I think that I missed a word in that sentence. I just meant that equal endings will end as draws most of the time (as they are by definition equal positions) and so it's difficult to say beforehand which score is "good" for a top player.
So arguing that you can only use hard non-draws as measure.
Now I also get the "these endings" in relation to EGTB. That is enlarging the mini-game initial conditions to not just equal (as you have defined them, which just forgot, no worries it will come back) but to expected perfect chess from EGTB portrait of all legal candidates from the start of the minigame, and then use that as basis to measure human player outcomes.. Something like that..
Also welcome to the missing words (or phrases for me) club.
Is this a possible question. Could we have a look at the game rating distribution on both sides (pre-game, i guess that is obvious, but given how thick I might get, does not hurt).
This might be related to my question about the set relation between Carlsen game set and the 2800 on one side of the pairs game set. I am trying to get my head around the dataset, and I have no experience with such 2 players data set (to be honest, that might be exactly my wobble).
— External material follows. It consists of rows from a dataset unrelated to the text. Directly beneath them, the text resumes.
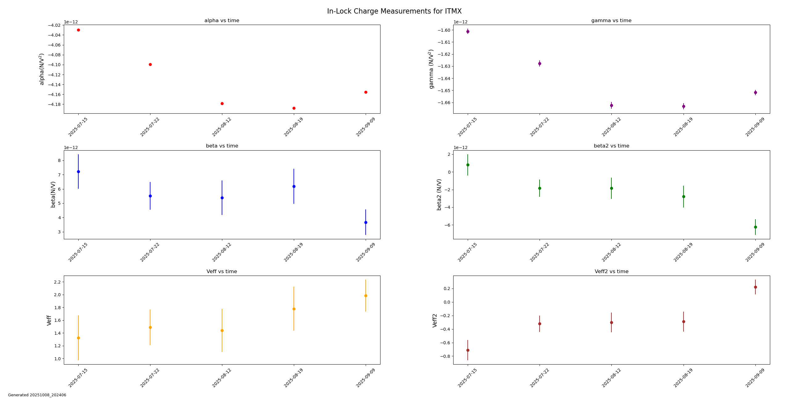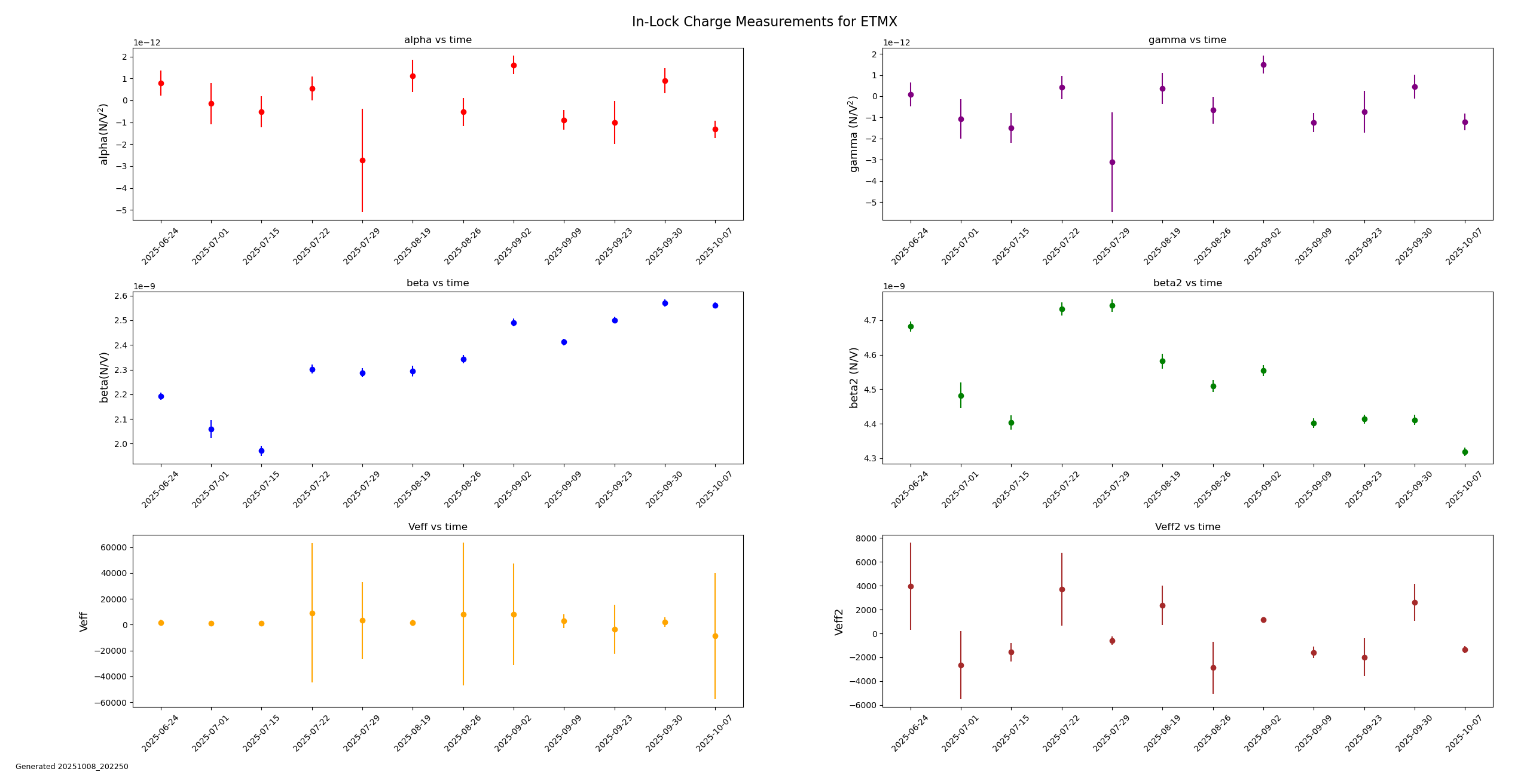 ETMX's Veff error bars are pretty big, as expected. The values looks fairly stable over time.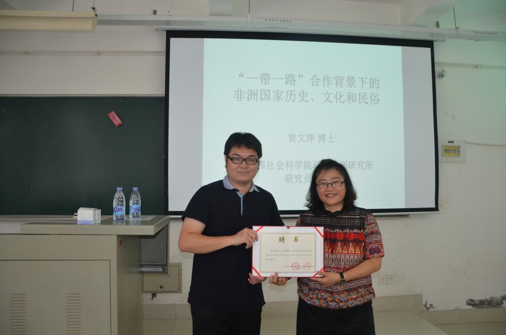 2018年5月14日上午,中国社会科学院蓝迪国际智库首席专家、中国社科院西亚非洲研究所首席研究员、博士生导师、中国社科院贺文萍教授莅临我院,为永利集团304am登录师生带来了一场题为“一带一路合作背景下的非洲国家历史、文化和习俗”的精彩讲座。贺文萍教授毕业于北京大学永利集团304am登录,长期致力于非洲问题研究,考察过二十多个非洲国家,十分熟悉非洲的情况。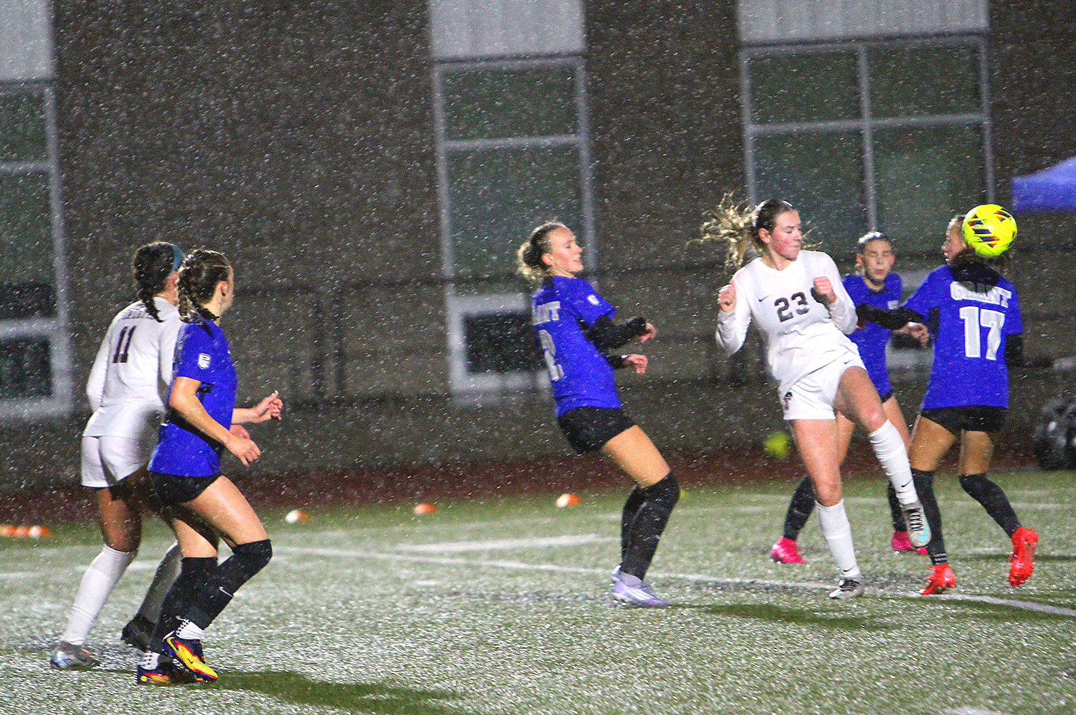 The Timberwolves hosted Roseburg in their first-round playoff game, and Roseburg jumped out to an early 1-0 lead. With about 10 seconds to go in the first half, senior Ava Elizarraraz took a corner kick and placed it right in front of the net, where sophomore Emmery McMillin headed it in to tie the game.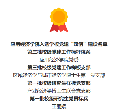 本年度,bl腐漫 基层党建工作取得突出成效。产业经济学博士生联合党支部在北京市高校红色“1+1”示范活动展示交流中荣获二等奖。在学校2023年七一表彰中,bl腐漫 7个集体和个人获得“两优一先”表彰。在学校“第三批校级党建工作标杆院系、样板支部和第一批校级研究生样板党支部、研究生党员标兵创建”工作评选创建中,bl腐漫 党委入选校级党建工作标杆院系,3个党支部和个人入选样板党支部、党员标兵。bl腐漫 教职工在首都教育系统学习党的二十大精神征文活动中获得教师组一等奖。

Edit: just read paragraphs cluing me more on that question. like C. rating. and then some statement about others performance rating. Being relative to the data set (s) (union?) of 470 "and" 1000 games. I am still thinking that visualizing pairing distributions (is that even a thing or possible, imagining perhaps a 2D domain and histogram over that.
As Carlsen was always the number 1 player in the time I looked at, I decided to use for the 2800 dataset only games where one player was above 2800 (and not Carlsen) and the other one was below 2800, to simulate the rating difference.
I didn't worry too much about it afterwards and just calculated the performance rating to make sure that there weren't any anomalies
So the 1000 games do not include C.. as any of the players.
But the C. games could have some of the players in the 1000 game opposite to Carlsen.
Actually the more the better perhaps.
my ruminations:
This is not about predicting anything, just characterizing the datasets.
I worry irrationally about mixing "training" and "testing" influences. I guess that is also a worry when having ratio statistics, but I need to reign that in. Words tend to make me lose visualization understanding after a while. Tripping over words. or words not be telling enough of the not only sequential logic. Here the logic is "graphical". Crossings in some tabular set relations. I guess math language and internet communication is a chore. Sufficiently blocking communication fluency. I am fine though. never mind.